> [TASK OBJECTIVE] Return the whole listing unchanged. Drop the images.

┌─ RECORDED INFORMATION

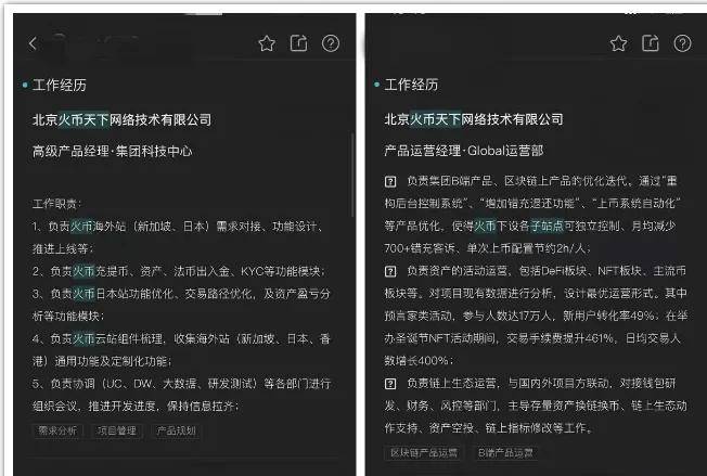 上述用户的共同点在于,大量huobi global工作人员在北京火币天下网络科技有限公司入职,期间涉及多个部门,工作内容也都涉及到实际业务运营,还包括不同部门之间的对接协调。
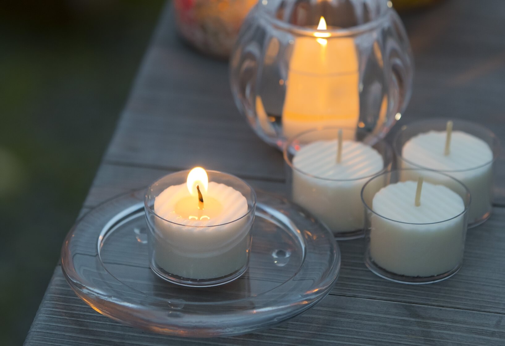 暗くなる前にキャンドルを灯せば、優しいあかりが少しずつ存在感を増して幻想的な空間に。
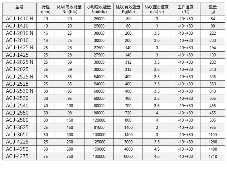 可調式2550油壓緩沖器ACJ1007,ACJ1210,ACJ1412,ACJ2020,ACJ2550,ACJ2725,ACJ2750,ACJ3325,ACJ3350,ACJ3625,ACJ3650,ACJ4225,ACJ4250,ACJ4275阻尼器

└─

> [OUTPUT FOR THIS TASK]
 上述用户的共同点在于,大量huobi global工作人员在北京火币天下网络科技有限公司入职,期间涉及多个部门,工作内容也都涉及到实际业务运营,还包括不同部门之间的对接协调。
 暗くなる前にキャンドルを灯せば、優しいあかりが少しずつ存在感を増して幻想的な空間に。
 可調式2550油壓緩沖器ACJ1007,ACJ1210,ACJ1412,ACJ2020,ACJ2550,ACJ2725,ACJ2750,ACJ3325,ACJ3350,ACJ3625,ACJ3650,ACJ4225,ACJ4250,ACJ4275阻尼器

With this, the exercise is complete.